Swift minced no words when it came to the differences between the fall and winter semesters. “What’s novel in September and works in November is much more difficult in January and February,” he said.

As a result of these uncertainties, many students are evaluating their options about whether to return to campus, study remotely, or take a leave of absence in January.  

During the recent Q&A, McIntosh stated that 1,794 students had expressed intent to return to study on-campus, and 89 said they would study remotely in the winter semester. These numbers are comparable to the high enrollment Bates saw this fall.  

The on-campus experience this fall was different, to say the least, and those unsatisfied with the experience may choose to take a leave of absence or study remotely for the winter. 

“We have a sense of what people want to do, [but] are people going to change their mind?” Swift said.

This alone causes significant alterations to the budget projections. If Bates is unable to allow students to return in January – or potentially even at all for the winter – then Bates will have to issue room and board refunds, which would place additional unpredicted strain on Bates’ financial situation.

Based on last school year’s financial statements, if students were not able to return to campus in the winter, Bates could lose around a tenth of their net revenue due to losses in room and board fees, according to calculations made by The Bates Student. Conversely, operating costs would be much lower, but Bates would still have employees to pay. This is Bates’ most significant annual cost.

However, this is a worst case scenario, as the college has said it would first look to delay student return rather than not allow them to return entirely, which would soften – though not nullify – the financial blow of refunds. 

Approximately 70% of Bates’ annual revenue can be accounted for by students’ single fee, and anything that could affect that revenue combined with the increased costs from this year could potentially be damaging to the college’s financial position.

Even if students are able to – and choose to – return, the winter semester poses new and greater challenges for preventing outbreaks on campus.

Bates and its administration finds itself at the mercy of the coronavirus, as well as mandates from the local, state, and federal governments.

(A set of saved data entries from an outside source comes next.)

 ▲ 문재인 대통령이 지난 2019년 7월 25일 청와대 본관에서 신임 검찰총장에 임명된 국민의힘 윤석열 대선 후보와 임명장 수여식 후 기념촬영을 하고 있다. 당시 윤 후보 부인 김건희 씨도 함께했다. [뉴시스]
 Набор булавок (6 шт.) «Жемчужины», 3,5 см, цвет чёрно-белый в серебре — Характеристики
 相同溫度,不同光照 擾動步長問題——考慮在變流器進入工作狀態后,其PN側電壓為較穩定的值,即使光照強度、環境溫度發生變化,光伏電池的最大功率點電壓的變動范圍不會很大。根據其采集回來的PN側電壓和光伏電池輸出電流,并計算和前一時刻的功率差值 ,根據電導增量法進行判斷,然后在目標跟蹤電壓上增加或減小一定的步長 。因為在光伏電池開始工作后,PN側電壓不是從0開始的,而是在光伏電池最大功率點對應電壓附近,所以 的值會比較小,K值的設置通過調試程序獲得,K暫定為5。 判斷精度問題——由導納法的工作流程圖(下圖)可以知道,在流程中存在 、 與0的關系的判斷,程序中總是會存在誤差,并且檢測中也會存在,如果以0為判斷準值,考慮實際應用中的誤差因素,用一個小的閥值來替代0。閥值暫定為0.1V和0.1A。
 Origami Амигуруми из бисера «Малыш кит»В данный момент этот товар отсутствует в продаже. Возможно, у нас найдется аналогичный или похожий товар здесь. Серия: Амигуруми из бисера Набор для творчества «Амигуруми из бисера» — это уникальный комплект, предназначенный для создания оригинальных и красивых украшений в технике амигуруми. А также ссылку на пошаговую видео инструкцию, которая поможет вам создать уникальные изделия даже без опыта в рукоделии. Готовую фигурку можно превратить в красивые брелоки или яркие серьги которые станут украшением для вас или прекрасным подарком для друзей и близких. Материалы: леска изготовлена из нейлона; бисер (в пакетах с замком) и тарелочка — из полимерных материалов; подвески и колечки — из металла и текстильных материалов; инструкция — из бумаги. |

Potentially,  Maine Governor Janet Mills could prohibit college students from returning to Bates as cases continue to worsen within the state, throwing the college’s financial state into flux. 

However, there has been no indication that the state government has or will consider this. 

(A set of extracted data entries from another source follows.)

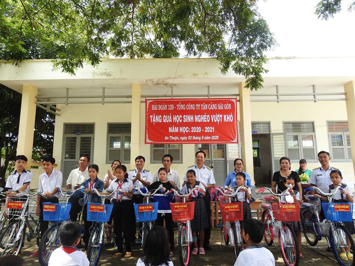 Cũng trong ngày, nhân dịp khai giảng năm học mới, Hải đoàn 129 đã trao tặng 10 chiếc xe đạp và 15 phần quà với tổng số tiền 20 triệu đồng do cán bộ, nhân viên Hải đoàn quyên góp hỗ trợ cho các em học sinh cấp tiểu học và trung học cơ sở trên địa bàn xã An Thuận.
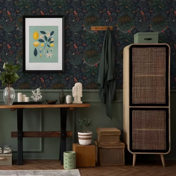 Шпалери Тропічні джунглі з леопардом, леопардом, папугами та метеликами Nr. a00388
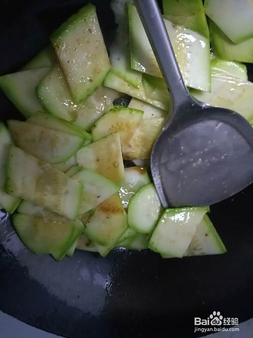 炒锅内倒油,放入生姜、花椒炒出香味,接着把西葫芦倒入翻炒,翻炒几下后加入适量盐、南德、生抽继续翻炒均匀。
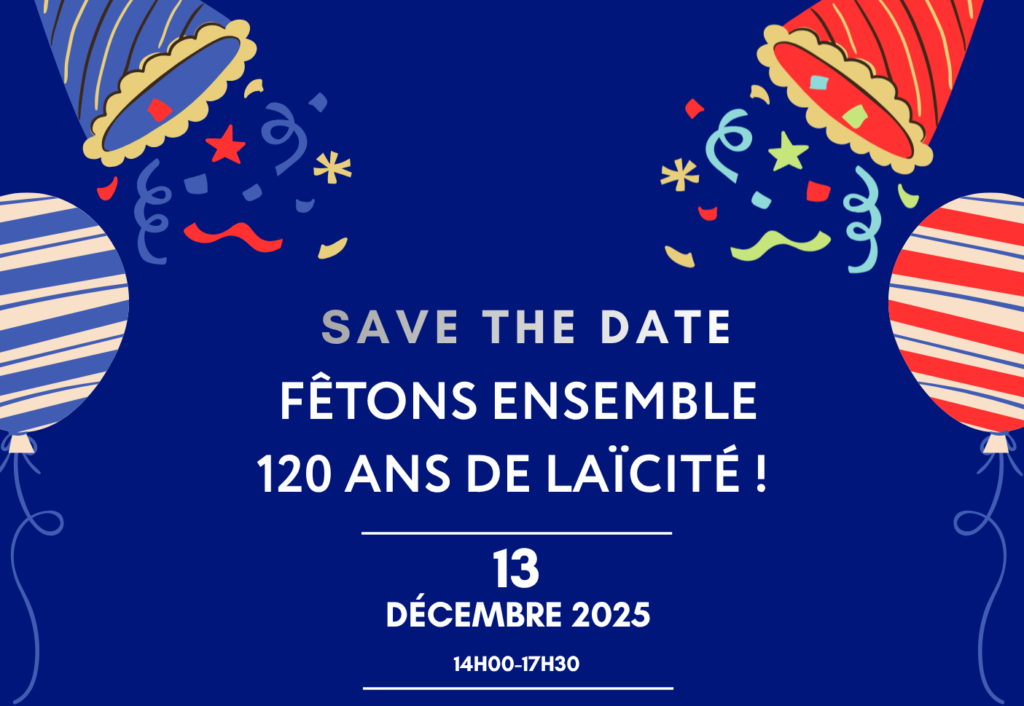 La FOL93, la FCPE93 et la LDH93 vous invitent chaleureusement à partager un moment convivial pour célébrer les 120 ans de la laïcité. Venez échanger, découvrir et fêter ensemble !
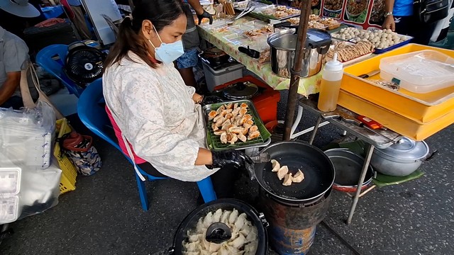 สำหรับส่วนผสมหลัก ๆ เราจะเลือกหมูล้วนๆ แล้วเอามาบด แล้วก็มีผัก เราไม่ผสมแป้ง ไม่ผสมเนื้อไก่ เน้นของสด ผสมเครื่องปรุงที่น้อย ให้มีรส ของหมูที่ดี แล้วทำน้ำจิ้มโซยุ ใส่วัตถุดิบที่ดี โดยขายที่นี่ที่เดียวอาทิตย์ละวัน ลูกค้าเยอะ เวลาหยุดไป ลูกค้าก็ถามหา ก็เกรงใจ ก็เลยต้องขายอยู่เรื่อยๆ อาทิตย์ละวัน โดยขายกล่องละ 40 บาท 6 ตัว

It is also possible President-elect Joe Biden could also issue new lockdown policies which would prevent Bates students from returning in January. Any number of potential issues still exist and could leave Bates’ future in jeopardy.

And while Bates is unsure whether it will be able to welcome students back on campus or for how long, financial planning must already begin. This may include facilitating the distribution of the vaccine if it becomes available. 

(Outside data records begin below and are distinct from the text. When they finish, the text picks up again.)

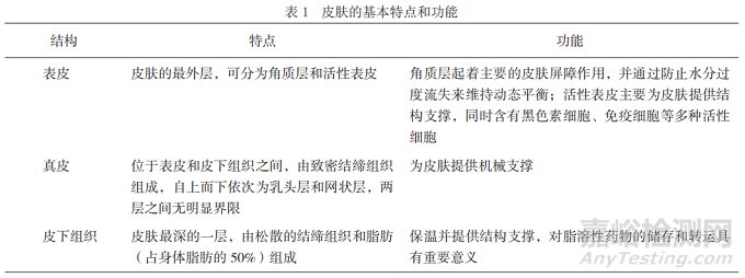 人體最大的器官就是皮膚,約占體重的15%,抵御外源性暴露的屏障特性和維持動(dòng)態(tài)平衡是皮膚的兩大主要功能。皮膚可分為表皮、真皮和皮下組織,是一個(gè)復(fù)雜的多層結(jié)構(gòu)體,盡管皮膚在整個(gè)身體結(jié)構(gòu)上是連續(xù)的,但根據(jù)個(gè)體的年齡和解剖部位不同,皮膚的厚度也會(huì)有所不同,皮膚各層的基本特點(diǎn)和功能見(jiàn)表1[3]。
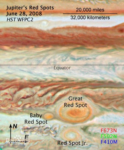 在大红斑中心部分有个小颗粒,是大红斑的核,其大小约几百公里。这个核在周围的反时针漩涡运动中维持不动。大红斑的寿命很长,可维持几百年或更长久。
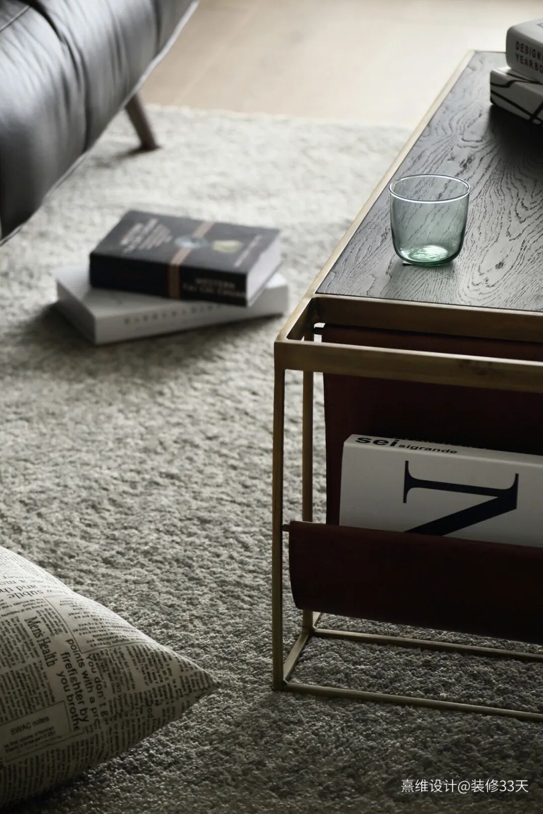 ▲ 客厅以淡雅色系为基调,米灰色墙布搭配相近色系窗帘,皮质沙发、毛绒地毯、黄铜茶几兼杂志架,搭配屋主从国外淘回来的音箱,复古且时髦

Will Bates have to cover the potential costs of issuing vaccines? Will students have to be vaccinated in order to return to campus next year? Or will testing capabilities be vastly improved, thus putting off the need for students at relatively minimal risk to get the vaccine in the first place? 

All of these things, according to Swift, are difficult to predict, but must be considered when planning for Bates’ financial future, which remains uncertain even past this fiscal year.

As a result of the pandemic, Bates could still see decreased revenue on top of increased costs incurred by things like Covid testing, operation of the testing center, ‘corona-proofing’ of campus, among other potential costs. 

“I would hope the incremental costs in future years will be lower, but I can’t imagine they go to zero,” Swift said of the costs incurred by the college during the pandemic.

No matter how financially successful this year has been, the college will be dealing with the fallout from the pandemic for a number of years to come. This is frustrating for everyone who wants to see Bates continue to grow, but the survival of the institution and its community through the pandemic cannot be taken for granted.